[[ Listed records, beginning ]]
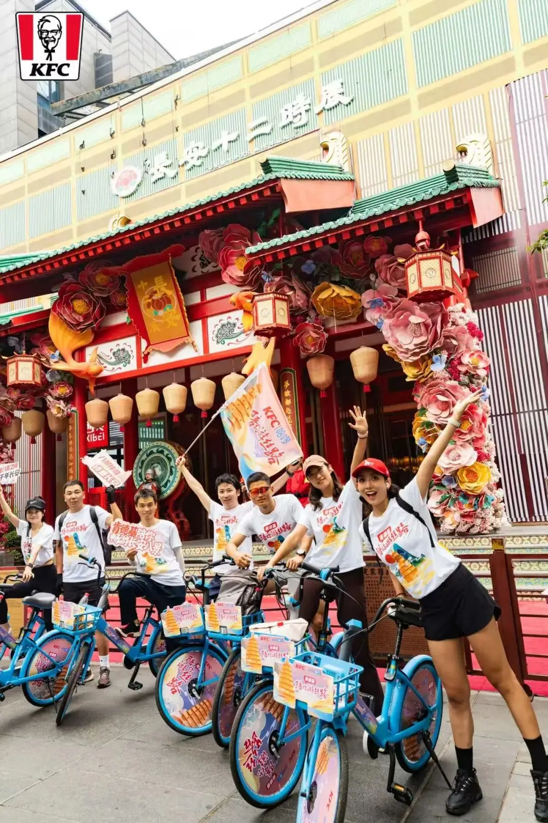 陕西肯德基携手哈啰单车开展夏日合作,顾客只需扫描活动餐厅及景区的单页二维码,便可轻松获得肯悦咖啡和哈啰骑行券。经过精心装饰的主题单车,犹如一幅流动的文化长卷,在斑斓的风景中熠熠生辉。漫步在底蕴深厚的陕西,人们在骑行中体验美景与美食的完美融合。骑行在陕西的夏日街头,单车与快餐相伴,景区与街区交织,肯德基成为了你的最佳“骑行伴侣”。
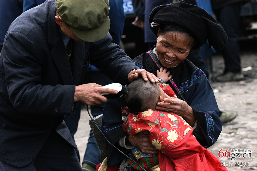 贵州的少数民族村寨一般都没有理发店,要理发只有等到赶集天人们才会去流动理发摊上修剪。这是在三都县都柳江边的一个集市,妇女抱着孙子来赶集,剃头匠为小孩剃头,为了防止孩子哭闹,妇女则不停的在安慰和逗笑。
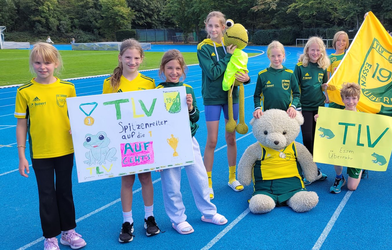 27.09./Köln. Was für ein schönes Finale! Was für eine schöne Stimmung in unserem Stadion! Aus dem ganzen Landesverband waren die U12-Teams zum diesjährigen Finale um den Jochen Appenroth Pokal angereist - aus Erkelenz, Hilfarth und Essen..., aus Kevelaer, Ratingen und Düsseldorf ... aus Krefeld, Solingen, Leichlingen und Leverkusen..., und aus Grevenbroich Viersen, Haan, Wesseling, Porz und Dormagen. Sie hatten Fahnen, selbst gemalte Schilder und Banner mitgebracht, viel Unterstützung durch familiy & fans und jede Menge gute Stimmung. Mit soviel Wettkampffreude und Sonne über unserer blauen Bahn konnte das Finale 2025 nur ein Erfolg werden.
[[ Listed records, end ]]
[[ Listed records, beginning ]]
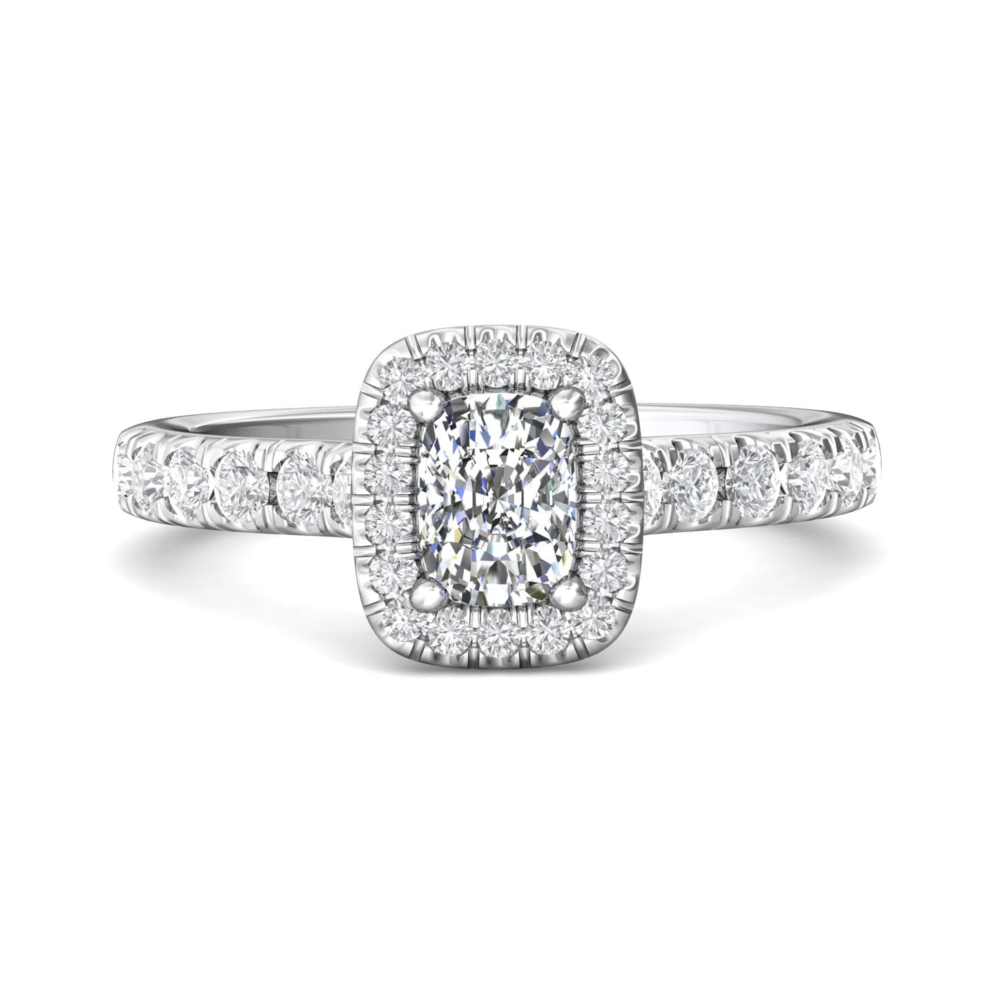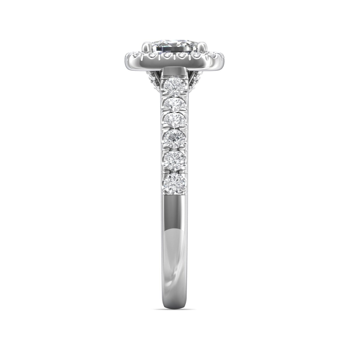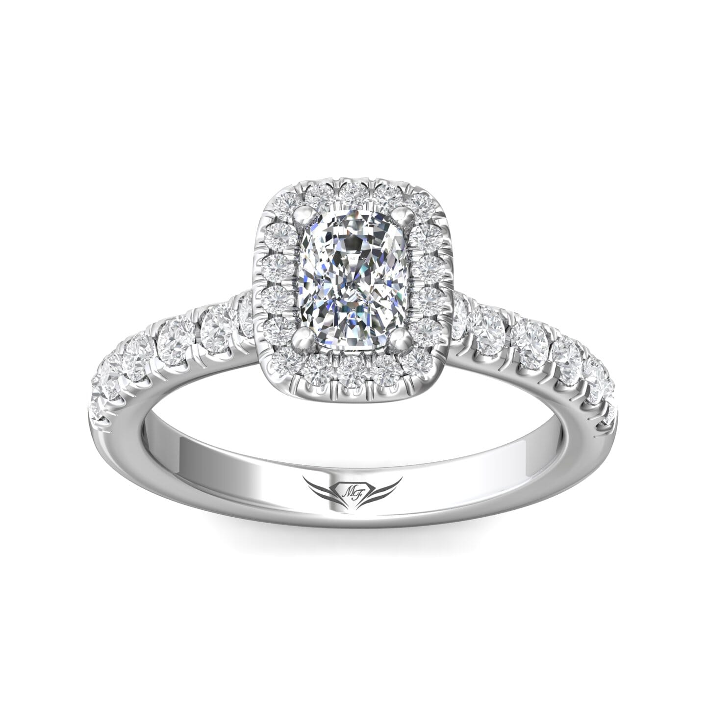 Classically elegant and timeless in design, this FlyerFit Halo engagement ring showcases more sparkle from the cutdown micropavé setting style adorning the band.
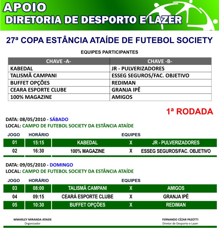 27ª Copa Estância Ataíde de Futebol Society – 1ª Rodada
[[ Listed records, end ]]
Task requirements:
Start at the line containing "陕西肯德基携手哈啰单车开展夏" above and stop at the line containing "贵州的少数民族村寨一般都没有". Output those lines exactly, both included, but none of the pictures.

Task response:
 陕西肯德基携手哈啰单车开展夏日合作,顾客只需扫描活动餐厅及景区的单页二维码,便可轻松获得肯悦咖啡和哈啰骑行券。经过精心装饰的主题单车,犹如一幅流动的文化长卷,在斑斓的风景中熠熠生辉。漫步在底蕴深厚的陕西,人们在骑行中体验美景与美食的完美融合。骑行在陕西的夏日街头,单车与快餐相伴,景区与街区交织,肯德基成为了你的最佳“骑行伴侣”。
 贵州的少数民族村寨一般都没有理发店,要理发只有等到赶集天人们才会去流动理发摊上修剪。这是在三都县都柳江边的一个集市,妇女抱着孙子来赶集,剃头匠为小孩剃头,为了防止孩子哭闹,妇女则不停的在安慰和逗笑。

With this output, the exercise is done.